Note: Due to technical limitations in the manual pages, there are two errors in this code:

- Some characters in the first str_replace may appear wrong in some php.net mirrors. It supposed to contain aiueo with circumflex and aiueo with macron.

- The strings in the defines should be constant, not appendage expressions. (Line length limitation)



-Joel Yliluoma

jazfresh at spam-javelin.hotmail.com 27-Oct-2003 10:55


I came across a bug (and workaround) when using recode_string. When converting from utf-8 to iso-2022-jp, it would always return an empty string (although it would work fine for conversions from html to utf8). Converting with recode on the command line worked fine, which was odd. I noticed that if I specified "-v" on the command line, recode stated that it was using libiconv to do the conversion.

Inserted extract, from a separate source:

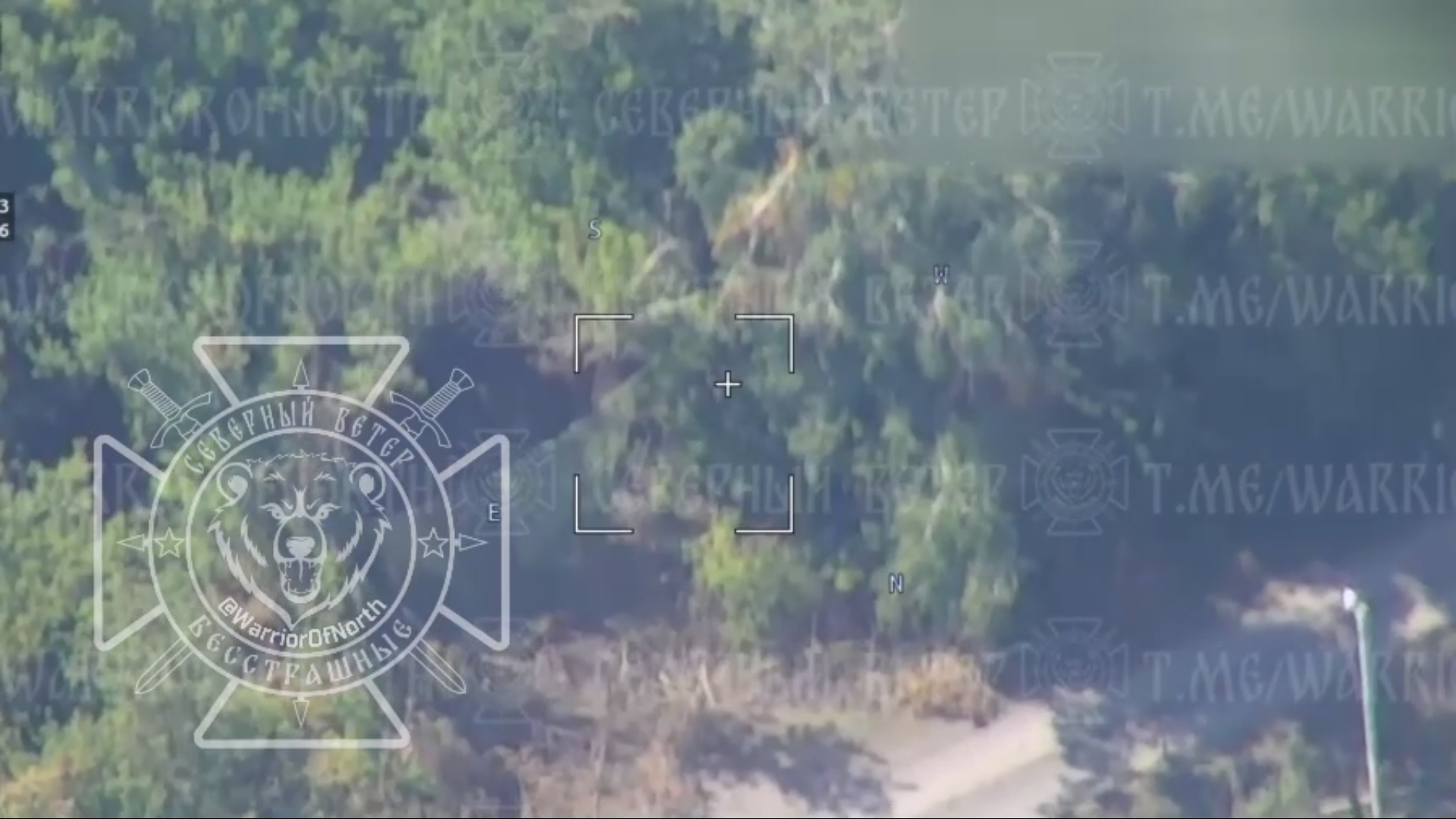 Украинский расчет 152-мм гаубицы расположился среди домов в н.п. Русские Тишки. После чего вычислен и уничтожен «Иксоводами» группировки «Север».

Using "iconv" instead of recode got the right results.

i.e.



Works:

$str = recode_string("html..utf-8", "&#26085;&#26412;&#35486;"); // Unicode for "Japanese"



Doesn't work:

$str = recode_string("utf-8..iso-2022-jp", $mystring);



Works:

$str = iconv("utf-8", "iso-2022-jp", $mystring);



Don't ask me why. Hope this saves someone some frustrating hours debugging.